Its gotta break first, people almost as a rule won’t fix something thats still working, because a barely working system is less scary than the unknown. People still have homes and food and savings accounts.
Comment on China sees the U.S. trade deal as a huge win for Beijing
TheDemonBuer@lemmy.world 1 day ago
China has spent the last fifty years building themselves into an industrial powerhouse. As a result, they are a vital part of the global economy, and that has put them in a position of considerable power. The US has decided we don’t like that so we’re going to try to weaken them, or at least slow their ascent. But now we’re discovering that we’re not as powerful or influential as we used to be. We have severely neglected our country and our people, and the quality and capability of our leadership has declined significantly, and we are paying the price.
Unfortunately, most Americans still can’t correctly identify the problem. Those who even recognize that there is a problem still think it’s Donald Trump, and that he is largely just an anomaly. But by now they should see that Trump is a symptom of the problem, not the problem itself. The real problem has been our failure to invest in our own people, leaving them pessimistic about their economic future, and, critically, poorly educated and completely lacking in critical thinking skills. Having been essentially abandoned by their leaders, they have been left to construct their own solutions to any perceived problems, without the skills necessary to construct viable ones. As a result, they’ve taken to deluded thinking, conspiracy theories, and even superstitious and supernatural ideas. Without anyone to guide them through reality, they’ve been left to form their own ideas about America. Trump is one result of that.
At this point, I don’t know if the US can be fixed. A part of me thinks it’s a lost cause, largely because fixing it would take radical action that I think most of our leaders are unwilling, or unable, to take. The collapse of the US may be inevitable at this point.
Rekorse@sh.itjust.works 1 day ago
pulsewidth@lemmy.world 1 day ago
The US didnt fail to invest in their own industries, its more that most of the US’ industries decided to hand all their manufacturing to China - and not just the primary industries but the secondary and a large part of the tertiary too, all because labour was somewhat cheaper for the corporations, and the health/environmental costs could be ‘externalized’. A lot of side-impacts too - they took all the IP they were given, and stole any more they desired: counterfeit products have never been more rampant.

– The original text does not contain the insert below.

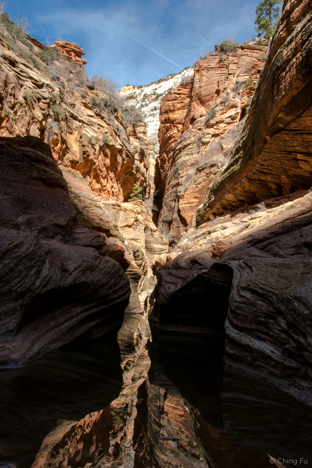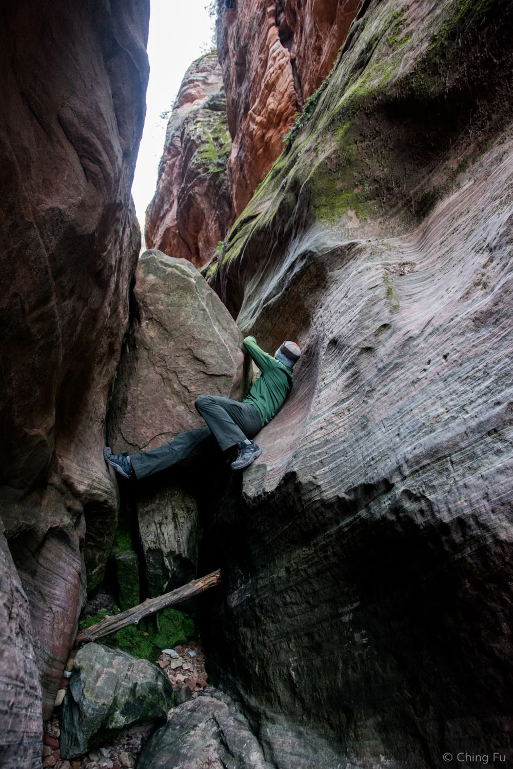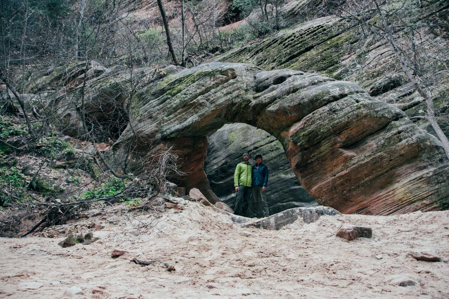 Jerud got to go on this hike with Dolly and Bill while I stayed home and watched the dogs. Then a week later Jerud and I went back to hike this together so I could experience it for myself. We really enjoyed the hike because it had a lot of variety and was very active – you have to use your hands and body a lot to scramble up and over rocks, tree trunks, and around pools of water. The canyon walls are also really cool looking. The beginning of the trail has chains along the cliff face, similar to Angels Landing (but only open on one side). It starts off on the same steep switchback trail as Observation Point before splitting off and going into a narrow canyon. Go as far as you are comfortable and able to. The only reason to keep pushing inwards past the baby arch is because you like scrambling challenges.

As the US traded away its blue collar industries, and left blue collar workers in unsteady times, it found that the only things China wanted in return were high quality US food imports and raw materials - relatively inexpensive exports. So a fairly large trade deficit built, and with all the excess capital, China purchased US treasury bonds and property, etc. The largest foreign owner of US debt in the world is China and has been for some years.
Even as economic power ceded, for a long while the US could still exert power through its 50-100 years banked institutional power and goodwill, and US controlled organizations that operate throughout the world, but Trump and Elon have been sabotaging them openly intentionally as fast as they can. The soft power is now all but gone too with world leaders now leaving the US out of major geopolitical discussions - unthinkable just a year ago.

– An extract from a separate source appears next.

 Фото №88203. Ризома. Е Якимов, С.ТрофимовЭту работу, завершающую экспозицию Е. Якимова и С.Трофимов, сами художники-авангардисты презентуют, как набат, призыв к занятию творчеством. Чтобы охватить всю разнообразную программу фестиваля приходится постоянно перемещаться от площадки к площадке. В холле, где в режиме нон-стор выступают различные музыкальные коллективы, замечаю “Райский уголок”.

There is no turning the clock back on globalization, but perhaps the first big step for America is getting money out of politics with strong legislation and harsh penalties for those that break it - overturn Citizens United, no more SuperPACs - prise the power away from corporations to dictate law and pick leaders, because they have crafted every issue you speak to. I’m not sure what hope the US has with that in the short term though, you’re living through the second Trump presidency - and he just accepted a $400million
bribegift from the Saudi govt, which his been A-OK’d by his mentally vacant Attourney General. Who knows though, even MAGAs are starting to get pissy with the outward corruption.TheDemonBuer@lemmy.world 1 day ago
I didn’t say that we failed to invest in our industries, I said we failed to invest in our people. We left our people to their own devices, behold the result.
Perhaps it’s possible that a majority of the American people will eventually, spontaneously coalesce around these goals, but I don’t think the chances are high. Given enough time, it might happen, but I’m not sure the US won’t collapse (similar to the collapse of the Soviet Union) before then.